Grover Cleveland Didn’t Lie About His Sex Scandal

Photographs of Grover Cleveland and his wife, Frances, in the shape of hearts.
President Grover Cleveland and Frances Cleveland.Credit...PhotoQuest/Getty Images

Opinion Columnist

It’s taken a while for people to start comparing Donald Trump and Grover Cleveland. Cleveland, of course, was the only man to achieve Trump’s current political goal: win the presidency, lose the re-election and then win it again the third time around.

Both championed tax cuts and fiscal restraint, although only Cleveland actually tried to balance the budget. And both had sex scandals — which we’re going to compare now just because it’s sort of fun.
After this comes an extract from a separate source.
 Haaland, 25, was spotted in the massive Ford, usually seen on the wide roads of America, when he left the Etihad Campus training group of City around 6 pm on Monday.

Cleveland, unlike Trump, was unmarried. He’d never been divorced. And the closest thing he had to a sex scandal before his presidential nomination was a bunch of stories about jolly drinking parties he’d had with his male friends at neighborhood beer gardens.

Trump had — well, really, there’s no point in discussing that, is there? This week in court we’ve been dragged through his entanglement with Stormy Daniels (“He said, ‘Oh it was great. Let’s get together again, honeybunch,’” Daniels testified on Tuesday. “I just wanted to leave.”), which is interesting only now that we’re arguing about whether he illegally disguised the money he used to silence her as legal expenses.
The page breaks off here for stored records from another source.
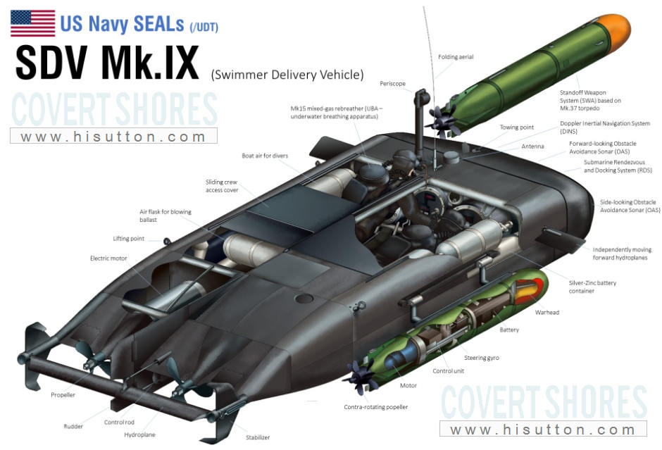 不過美軍也有類似用途的東西,只不過取消了動力系統,直接用SDV潛入敵人軍港,在敵人戰艦下方扔一個定時沉底水雷,可能比發射魚雷更有效一些,至少可以設定幾個小時後,等潛航器自己逃出去了再爆炸……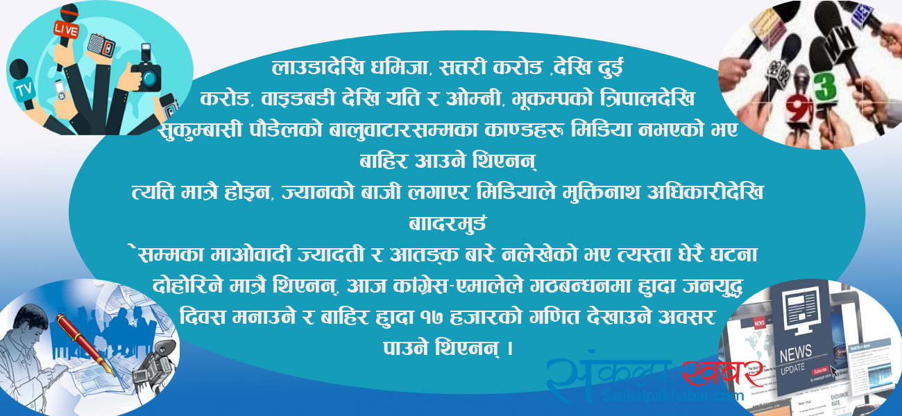 काठमाडौं । लाउडादेखि धमिजा, सत्तरी करोड़देखि दुई करोड़, वाइडबड़ीदेखि यति र ओम्नी, भूकम्पको त्रिपालदेखि सुकुम्बासी पौडेलको बालुवाटारसम्मका काण्डहरू मिडिया नभएको भए बाहिर आउने थिएनन् ।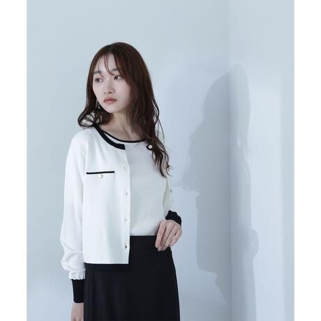 コンパクトな丈感のカーディガンとシンプルな半袖リブニットのアンサンブル。カーディガンはクラシックな雰囲気のバイカラーラインを入れたNBBオリジナルの一枚。シンプルなゴールドカラーの釦もアクセントになります。半袖リブインナーの襟ぐりにもバイカラーラインを入れているので、一枚で着た時も映えます。アンサンブルはもちろん、単品使いにも便利なセットアイテム。ボトムスを選ばず着ていただける、ベーシックな色味と春らしいイエローの3色展開です。<素材>柔らかくて温もりがあり、品の良いハイゲージの天竺ニットカーディガンと、リブインナーを使用しています。<詳細>仕様・前ボタン裏地・なし透け感・なし / 光沢・なし / 伸縮性・あり 生地の厚さ・普通※モデルの着用画像の場合、光の当たり具合により、実際の色味と異なって見えることがございます。色味は、商品単体の画像をご参照ください。

Cleveland, a Democrat, was nominated for president as a virtuous bachelor. Then a story arose about a possible son. There was definitely a child, born to an unmarried woman with a drinking problem. Cleveland looked after the child and eventually arranged to have him adopted.

It took some of the Republican tabloids of the era about two minutes to figure out a spin. “Ma, Ma, where’s my pa?” they roared. (To which the Democrats later replied, “Gone to the White House, ha, ha, ha!”)

Cleveland told his advisers to “tell the truth” in the face of the scandal. This approach succeeded, possibly because many people at the time assumed the child in question was actually the secret offspring of Cleveland’s longtime friend Oscar Folsom, who died not long before in a carriage accident. His daughter, a beautiful college student named Frances, was the secret love of Cleveland’s life.

Jump to the end here: The voters decided they were more interested in Cleveland’s superhonesty in public matters than secret offspring. He married Frances Folsom in the nation’s first White House wedding. And they lived devotedly until Cleveland died.

Not going to make you try to compare this with the Trump saga because, really, I know you’ve already gotten there. Just a story about sex and the White House that might make you feel a little less depressed about what you’re reading today.